→ **PROMPT**: Every record is to be restated exactly, with nothing left out.

┌─ SUPPLIED DATA

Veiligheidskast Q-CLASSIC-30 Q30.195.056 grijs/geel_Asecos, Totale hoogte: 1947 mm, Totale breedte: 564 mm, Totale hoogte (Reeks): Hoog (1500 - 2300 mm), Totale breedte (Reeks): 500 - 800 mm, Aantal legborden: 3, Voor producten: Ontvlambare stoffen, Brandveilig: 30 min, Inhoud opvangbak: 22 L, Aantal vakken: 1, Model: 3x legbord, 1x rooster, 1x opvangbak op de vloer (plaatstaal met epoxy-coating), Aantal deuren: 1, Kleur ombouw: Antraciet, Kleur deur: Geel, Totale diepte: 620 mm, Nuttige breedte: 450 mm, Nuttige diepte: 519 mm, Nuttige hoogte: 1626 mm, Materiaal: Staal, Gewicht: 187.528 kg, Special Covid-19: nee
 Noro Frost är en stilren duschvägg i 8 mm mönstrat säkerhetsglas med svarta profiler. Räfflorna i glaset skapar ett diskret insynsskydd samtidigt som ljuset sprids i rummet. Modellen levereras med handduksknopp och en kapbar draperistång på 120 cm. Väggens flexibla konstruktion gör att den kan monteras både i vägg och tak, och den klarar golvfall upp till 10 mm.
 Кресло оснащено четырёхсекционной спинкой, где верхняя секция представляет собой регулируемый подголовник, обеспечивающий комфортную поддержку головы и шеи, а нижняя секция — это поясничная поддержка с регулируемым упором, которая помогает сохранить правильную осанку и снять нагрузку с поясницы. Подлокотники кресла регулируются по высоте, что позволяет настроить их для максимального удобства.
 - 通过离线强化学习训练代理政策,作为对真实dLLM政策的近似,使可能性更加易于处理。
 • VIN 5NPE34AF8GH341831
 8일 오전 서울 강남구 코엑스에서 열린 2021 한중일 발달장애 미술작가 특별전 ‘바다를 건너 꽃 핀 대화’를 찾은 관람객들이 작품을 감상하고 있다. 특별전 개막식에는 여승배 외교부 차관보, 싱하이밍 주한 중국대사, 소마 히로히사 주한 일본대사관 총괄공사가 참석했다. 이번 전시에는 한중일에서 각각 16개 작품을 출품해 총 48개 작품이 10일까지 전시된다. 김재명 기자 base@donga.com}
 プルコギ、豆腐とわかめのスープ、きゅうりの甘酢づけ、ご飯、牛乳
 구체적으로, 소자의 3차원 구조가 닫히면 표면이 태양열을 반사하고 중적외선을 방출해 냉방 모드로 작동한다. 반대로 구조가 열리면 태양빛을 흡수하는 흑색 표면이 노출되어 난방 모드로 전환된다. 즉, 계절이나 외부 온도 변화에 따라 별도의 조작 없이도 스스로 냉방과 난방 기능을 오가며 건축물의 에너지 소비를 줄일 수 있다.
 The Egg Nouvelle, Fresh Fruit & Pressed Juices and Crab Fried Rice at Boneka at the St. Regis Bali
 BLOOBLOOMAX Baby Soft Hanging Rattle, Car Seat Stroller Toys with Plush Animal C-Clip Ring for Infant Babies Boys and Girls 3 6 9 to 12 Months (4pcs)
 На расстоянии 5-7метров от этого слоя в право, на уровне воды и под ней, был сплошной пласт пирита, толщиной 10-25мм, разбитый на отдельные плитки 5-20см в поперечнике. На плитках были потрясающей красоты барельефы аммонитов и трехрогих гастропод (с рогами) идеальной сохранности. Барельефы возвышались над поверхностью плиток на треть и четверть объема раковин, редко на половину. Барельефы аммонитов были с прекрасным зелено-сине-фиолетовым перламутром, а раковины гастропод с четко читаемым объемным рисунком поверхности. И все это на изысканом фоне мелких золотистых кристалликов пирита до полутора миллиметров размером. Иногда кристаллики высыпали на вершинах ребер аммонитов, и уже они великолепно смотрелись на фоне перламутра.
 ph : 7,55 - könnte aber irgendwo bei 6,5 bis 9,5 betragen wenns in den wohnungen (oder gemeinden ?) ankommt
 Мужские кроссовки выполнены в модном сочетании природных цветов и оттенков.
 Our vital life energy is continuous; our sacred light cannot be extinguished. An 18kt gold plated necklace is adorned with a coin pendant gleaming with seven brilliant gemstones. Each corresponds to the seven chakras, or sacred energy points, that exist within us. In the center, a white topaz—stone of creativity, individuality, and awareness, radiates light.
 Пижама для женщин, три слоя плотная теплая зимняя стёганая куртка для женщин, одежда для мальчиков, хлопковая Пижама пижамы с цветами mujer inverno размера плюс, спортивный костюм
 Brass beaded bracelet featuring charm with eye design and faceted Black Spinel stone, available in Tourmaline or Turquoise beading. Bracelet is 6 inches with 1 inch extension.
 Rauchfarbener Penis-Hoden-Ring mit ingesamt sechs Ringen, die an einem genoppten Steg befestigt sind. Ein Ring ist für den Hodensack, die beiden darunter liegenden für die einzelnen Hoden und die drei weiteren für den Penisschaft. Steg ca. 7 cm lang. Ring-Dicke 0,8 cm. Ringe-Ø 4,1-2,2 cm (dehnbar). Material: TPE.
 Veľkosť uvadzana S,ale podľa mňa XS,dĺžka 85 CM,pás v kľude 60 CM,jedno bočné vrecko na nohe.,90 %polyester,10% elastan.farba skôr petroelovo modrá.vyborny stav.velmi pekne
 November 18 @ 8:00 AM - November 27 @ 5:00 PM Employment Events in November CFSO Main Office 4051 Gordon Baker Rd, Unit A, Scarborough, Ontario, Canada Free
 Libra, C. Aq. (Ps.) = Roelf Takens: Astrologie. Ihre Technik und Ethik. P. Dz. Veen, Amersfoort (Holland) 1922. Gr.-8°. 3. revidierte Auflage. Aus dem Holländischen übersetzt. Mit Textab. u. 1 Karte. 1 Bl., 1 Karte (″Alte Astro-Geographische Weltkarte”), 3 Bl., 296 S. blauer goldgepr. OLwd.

└─

→ **SOLUTION**:
Veiligheidskast Q-CLASSIC-30 Q30.195.056 grijs/geel_Asecos, Totale hoogte: 1947 mm, Totale breedte: 564 mm, Totale hoogte (Reeks): Hoog (1500 - 2300 mm), Totale breedte (Reeks): 500 - 800 mm, Aantal legborden: 3, Voor producten: Ontvlambare stoffen, Brandveilig: 30 min, Inhoud opvangbak: 22 L, Aantal vakken: 1, Model: 3x legbord, 1x rooster, 1x opvangbak op de vloer (plaatstaal met epoxy-coating), Aantal deuren: 1, Kleur ombouw: Antraciet, Kleur deur: Geel, Totale diepte: 620 mm, Nuttige breedte: 450 mm, Nuttige diepte: 519 mm, Nuttige hoogte: 1626 mm, Materiaal: Staal, Gewicht: 187.528 kg, Special Covid-19: nee
 Noro Frost är en stilren duschvägg i 8 mm mönstrat säkerhetsglas med svarta profiler. Räfflorna i glaset skapar ett diskret insynsskydd samtidigt som ljuset sprids i rummet. Modellen levereras med handduksknopp och en kapbar draperistång på 120 cm. Väggens flexibla konstruktion gör att den kan monteras både i vägg och tak, och den klarar golvfall upp till 10 mm.
 Кресло оснащено четырёхсекционной спинкой, где верхняя секция представляет собой регулируемый подголовник, обеспечивающий комфортную поддержку головы и шеи, а нижняя секция — это поясничная поддержка с регулируемым упором, которая помогает сохранить правильную осанку и снять нагрузку с поясницы. Подлокотники кресла регулируются по высоте, что позволяет настроить их для максимального удобства.
 - 通过离线强化学习训练代理政策,作为对真实dLLM政策的近似,使可能性更加易于处理。
 • VIN 5NPE34AF8GH341831
 8일 오전 서울 강남구 코엑스에서 열린 2021 한중일 발달장애 미술작가 특별전 ‘바다를 건너 꽃 핀 대화’를 찾은 관람객들이 작품을 감상하고 있다. 특별전 개막식에는 여승배 외교부 차관보, 싱하이밍 주한 중국대사, 소마 히로히사 주한 일본대사관 총괄공사가 참석했다. 이번 전시에는 한중일에서 각각 16개 작품을 출품해 총 48개 작품이 10일까지 전시된다. 김재명 기자 base@donga.com}
 プルコギ、豆腐とわかめのスープ、きゅうりの甘酢づけ、ご飯、牛乳
 구체적으로, 소자의 3차원 구조가 닫히면 표면이 태양열을 반사하고 중적외선을 방출해 냉방 모드로 작동한다. 반대로 구조가 열리면 태양빛을 흡수하는 흑색 표면이 노출되어 난방 모드로 전환된다. 즉, 계절이나 외부 온도 변화에 따라 별도의 조작 없이도 스스로 냉방과 난방 기능을 오가며 건축물의 에너지 소비를 줄일 수 있다.
 The Egg Nouvelle, Fresh Fruit & Pressed Juices and Crab Fried Rice at Boneka at the St. Regis Bali
 BLOOBLOOMAX Baby Soft Hanging Rattle, Car Seat Stroller Toys with Plush Animal C-Clip Ring for Infant Babies Boys and Girls 3 6 9 to 12 Months (4pcs)
 На расстоянии 5-7метров от этого слоя в право, на уровне воды и под ней, был сплошной пласт пирита, толщиной 10-25мм, разбитый на отдельные плитки 5-20см в поперечнике. На плитках были потрясающей красоты барельефы аммонитов и трехрогих гастропод (с рогами) идеальной сохранности. Барельефы возвышались над поверхностью плиток на треть и четверть объема раковин, редко на половину. Барельефы аммонитов были с прекрасным зелено-сине-фиолетовым перламутром, а раковины гастропод с четко читаемым объемным рисунком поверхности. И все это на изысканом фоне мелких золотистых кристалликов пирита до полутора миллиметров размером. Иногда кристаллики высыпали на вершинах ребер аммонитов, и уже они великолепно смотрелись на фоне перламутра.
 ph : 7,55 - könnte aber irgendwo bei 6,5 bis 9,5 betragen wenns in den wohnungen (oder gemeinden ?) ankommt
 Мужские кроссовки выполнены в модном сочетании природных цветов и оттенков.
 Our vital life energy is continuous; our sacred light cannot be extinguished. An 18kt gold plated necklace is adorned with a coin pendant gleaming with seven brilliant gemstones. Each corresponds to the seven chakras, or sacred energy points, that exist within us. In the center, a white topaz—stone of creativity, individuality, and awareness, radiates light.
 Пижама для женщин, три слоя плотная теплая зимняя стёганая куртка для женщин, одежда для мальчиков, хлопковая Пижама пижамы с цветами mujer inverno размера плюс, спортивный костюм
 Brass beaded bracelet featuring charm with eye design and faceted Black Spinel stone, available in Tourmaline or Turquoise beading. Bracelet is 6 inches with 1 inch extension.
 Rauchfarbener Penis-Hoden-Ring mit ingesamt sechs Ringen, die an einem genoppten Steg befestigt sind. Ein Ring ist für den Hodensack, die beiden darunter liegenden für die einzelnen Hoden und die drei weiteren für den Penisschaft. Steg ca. 7 cm lang. Ring-Dicke 0,8 cm. Ringe-Ø 4,1-2,2 cm (dehnbar). Material: TPE.
 Veľkosť uvadzana S,ale podľa mňa XS,dĺžka 85 CM,pás v kľude 60 CM,jedno bočné vrecko na nohe.,90 %polyester,10% elastan.farba skôr petroelovo modrá.vyborny stav.velmi pekne
 November 18 @ 8:00 AM - November 27 @ 5:00 PM Employment Events in November CFSO Main Office 4051 Gordon Baker Rd, Unit A, Scarborough, Ontario, Canada Free
 Libra, C. Aq. (Ps.) = Roelf Takens: Astrologie. Ihre Technik und Ethik. P. Dz. Veen, Amersfoort (Holland) 1922. Gr.-8°. 3. revidierte Auflage. Aus dem Holländischen übersetzt. Mit Textab. u. 1 Karte. 1 Bl., 1 Karte (″Alte Astro-Geographische Weltkarte”), 3 Bl., 296 S. blauer goldgepr. OLwd.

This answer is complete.